- **EXERCISE DETAILS**: Could you reproduce the entries exactly, omitting every picture?

- **SUPPLIED ENTRIES**:
────────────────────

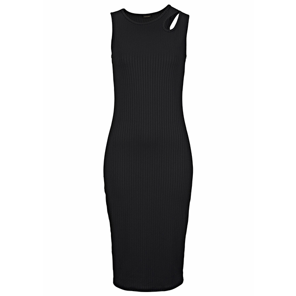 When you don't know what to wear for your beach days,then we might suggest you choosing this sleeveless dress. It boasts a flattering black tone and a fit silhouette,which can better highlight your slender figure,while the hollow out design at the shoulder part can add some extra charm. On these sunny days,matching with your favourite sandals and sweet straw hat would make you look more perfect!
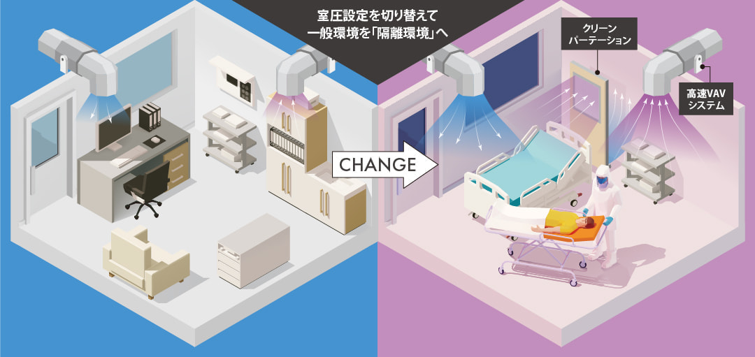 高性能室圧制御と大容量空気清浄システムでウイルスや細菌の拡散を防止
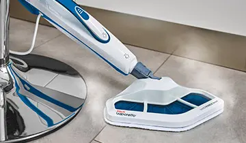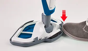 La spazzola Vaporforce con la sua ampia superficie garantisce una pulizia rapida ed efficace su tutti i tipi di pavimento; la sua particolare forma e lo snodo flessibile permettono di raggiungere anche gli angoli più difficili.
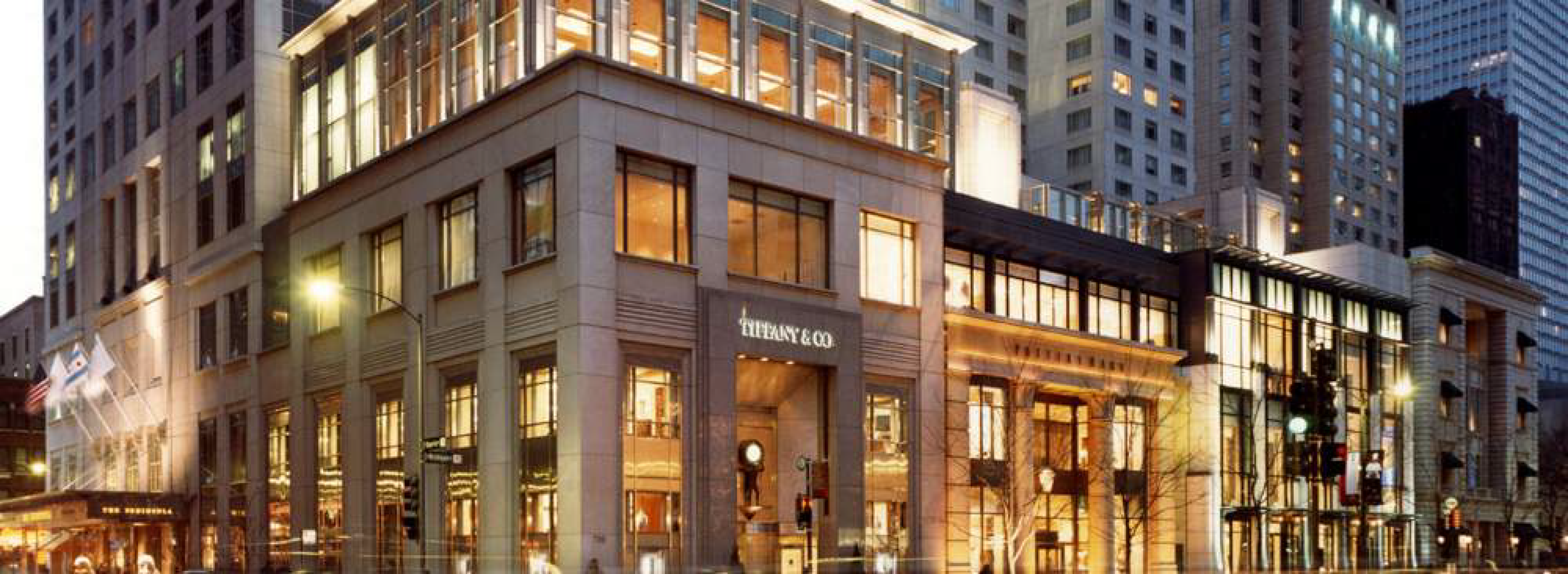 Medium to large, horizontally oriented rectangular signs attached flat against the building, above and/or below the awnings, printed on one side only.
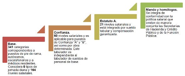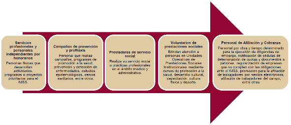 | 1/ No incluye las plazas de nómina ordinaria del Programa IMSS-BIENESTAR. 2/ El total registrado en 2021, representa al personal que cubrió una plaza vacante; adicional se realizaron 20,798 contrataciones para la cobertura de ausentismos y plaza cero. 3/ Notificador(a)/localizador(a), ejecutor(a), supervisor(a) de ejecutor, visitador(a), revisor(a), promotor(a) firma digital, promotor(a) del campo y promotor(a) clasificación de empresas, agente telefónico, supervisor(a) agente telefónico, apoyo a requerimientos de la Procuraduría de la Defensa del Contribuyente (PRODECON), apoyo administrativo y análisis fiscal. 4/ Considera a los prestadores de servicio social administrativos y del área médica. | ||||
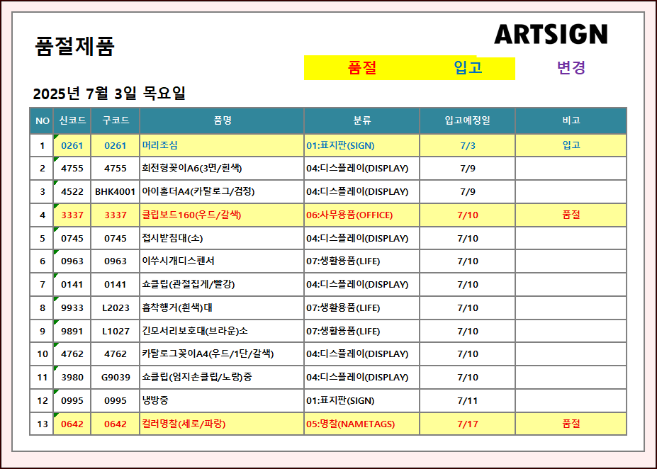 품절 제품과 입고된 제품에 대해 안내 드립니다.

────────────────────

- **EXERCISE OUTPUT**:
 When you don't know what to wear for your beach days,then we might suggest you choosing this sleeveless dress. It boasts a flattering black tone and a fit silhouette,which can better highlight your slender figure,while the hollow out design at the shoulder part can add some extra charm. On these sunny days,matching with your favourite sandals and sweet straw hat would make you look more perfect!
 高性能室圧制御と大容量空気清浄システムでウイルスや細菌の拡散を防止
 La spazzola Vaporforce con la sua ampia superficie garantisce una pulizia rapida ed efficace su tutti i tipi di pavimento; la sua particolare forma e lo snodo flessibile permettono di raggiungere anche gli angoli più difficili.
 Medium to large, horizontally oriented rectangular signs attached flat against the building, above and/or below the awnings, printed on one side only.
 | 1/ No incluye las plazas de nómina ordinaria del Programa IMSS-BIENESTAR. 2/ El total registrado en 2021, representa al personal que cubrió una plaza vacante; adicional se realizaron 20,798 contrataciones para la cobertura de ausentismos y plaza cero. 3/ Notificador(a)/localizador(a), ejecutor(a), supervisor(a) de ejecutor, visitador(a), revisor(a), promotor(a) firma digital, promotor(a) del campo y promotor(a) clasificación de empresas, agente telefónico, supervisor(a) agente telefónico, apoyo a requerimientos de la Procuraduría de la Defensa del Contribuyente (PRODECON), apoyo administrativo y análisis fiscal. 4/ Considera a los prestadores de servicio social administrativos y del área médica. | ||||
 품절 제품과 입고된 제품에 대해 안내 드립니다.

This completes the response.